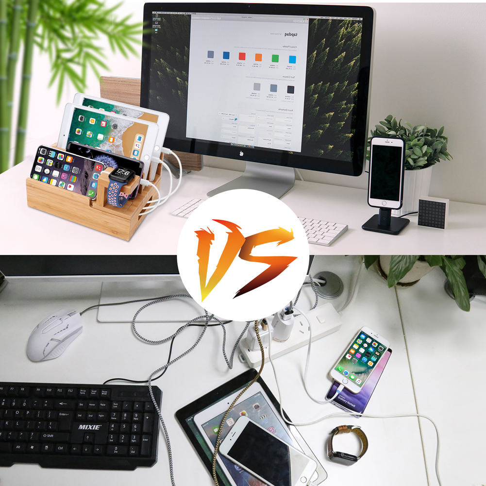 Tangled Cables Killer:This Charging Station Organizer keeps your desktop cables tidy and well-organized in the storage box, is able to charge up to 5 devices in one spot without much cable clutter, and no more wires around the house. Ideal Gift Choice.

...

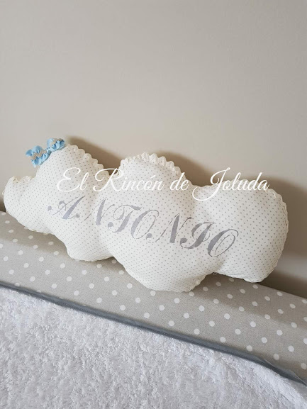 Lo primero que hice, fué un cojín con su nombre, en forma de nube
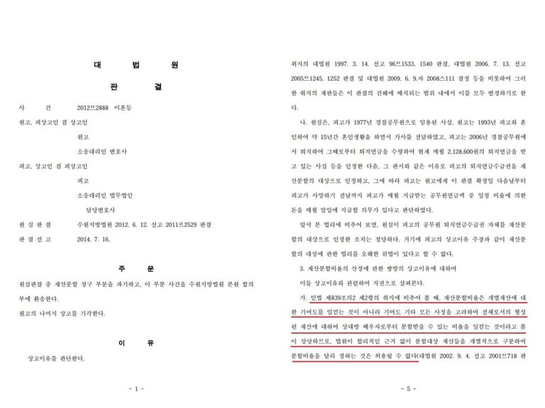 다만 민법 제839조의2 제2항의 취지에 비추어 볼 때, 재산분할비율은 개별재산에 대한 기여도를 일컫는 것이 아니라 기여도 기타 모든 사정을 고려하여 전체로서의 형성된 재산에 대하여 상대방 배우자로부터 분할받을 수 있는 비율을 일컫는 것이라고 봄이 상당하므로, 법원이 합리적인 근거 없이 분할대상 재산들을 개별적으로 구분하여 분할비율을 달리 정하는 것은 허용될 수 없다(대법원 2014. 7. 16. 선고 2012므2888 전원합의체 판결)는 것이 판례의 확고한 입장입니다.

...

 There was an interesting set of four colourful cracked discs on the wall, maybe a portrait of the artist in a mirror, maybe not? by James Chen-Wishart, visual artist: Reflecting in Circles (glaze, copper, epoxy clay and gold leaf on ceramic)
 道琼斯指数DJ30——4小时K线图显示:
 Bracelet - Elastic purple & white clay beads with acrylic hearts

→ What needs to be done
The answer must be a single number: the count of lines in the data that include the word "clay".

→ Finished exercise
2